Structure and dynamic mechanical properties of poly(ethylene terephthalate-co-4,4′-bibenzoate) fibers

Poly(ethylene terephthalate-co-4,4′-bibenzoate) (PETBB) fibers containing 5, 15, 35, 45, 55, and 65 mol% bibenzoate (BB) were melt spun. Fiber structure has been determined using wide angle X-ray diffraction, birefringence, and FTIR spectroscopy. When drawn to their respective maximum draw ratios, the structures and properties of high BB containing fibers (PETBB45, 55 and 65) are significantly different than those of PET and low BB containing fibers (PETBB5, 15, and 35). For example, 90% of the ethylene glycol units in high BB containing fibers are in the trans conformation, while only 80% of these units are in trans conformation in PET and low BB containing fibers. Overall orientation of the high BB containing fibers is higher (orientation factor f > 0.85) than those of PET and low BB containing fibers (f < 0.6).

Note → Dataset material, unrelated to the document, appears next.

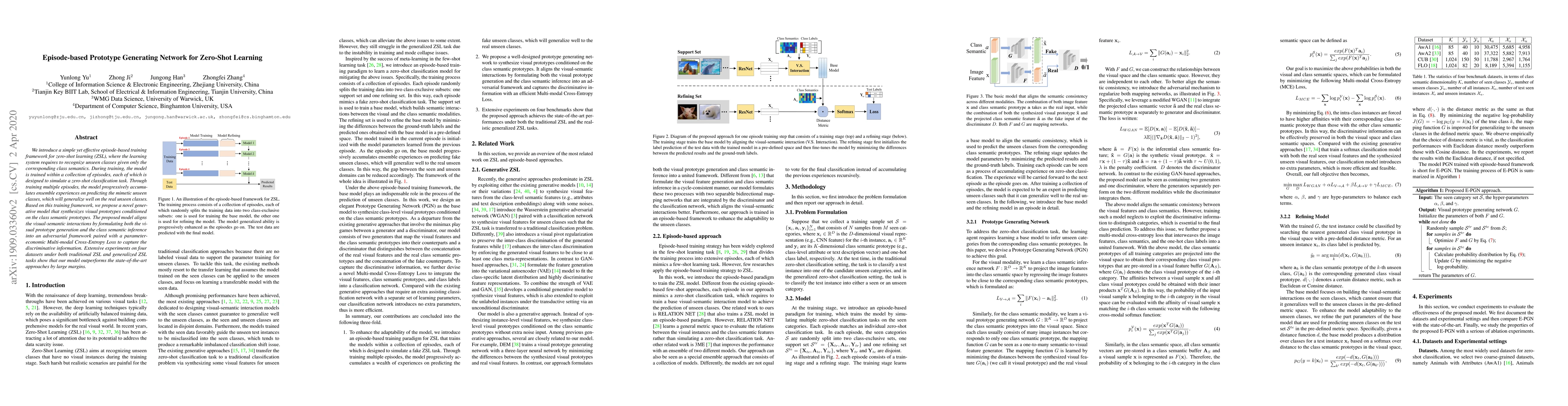We introduce a simple yet effective episode-based training framework for zero-shot learning (ZSL), where the learning system requires to recognize unseen classes given only the corresponding class semantics. During training, the model is trained within a collection of episodes, each of which is designed to simulate a zero-shot classification task. Through training multiple episodes, the model progressively accumulates ensemble experiences on predicting the mimetic unseen classes, which will generalize well on the real unseen classes. Based on this training framework, we propose a novel generative model that synthesizes visual prototypes conditioned on the class semantic prototypes. The proposed model aligns the visual-semantic interactions by formulating both the visual prototype generation and the class semantic inference into an adversarial framework paired with a parameter-economic Multi-modal Cross-Entropy Loss to capture the discriminative information. Extensive experiments on four datasets under both traditional ZSL and generalized ZSL tasks show that our model outperforms the state-of-the-art approaches by large margins.

Orientation of the crystalline regions is quite high (f_cr ∼ 0.95) for both groups of fibers, while orientation of the amorphous regions (f_am) of high BB containing fibers is higher (∼0.8) than those of the PET and low BB containing fibers (∼0.4). High BB containing fibers exhibit much higher storage modulus and modulus retention with temperature than low BB containing fibers. Glass transition temperature determined from the dynamic loss tangent peak decreased with increasing BB content, while this transition completely disappeared in the high BB containing fibers. The magnitude of the secondary transition, observed at about −50 °C, decreased with increasing BB content. Another secondary transition, not observed in PET, was observed at about 70 °C in high BB containing fibers. These dynamic mechanical results have been rationalized in terms of the observed structural parameters.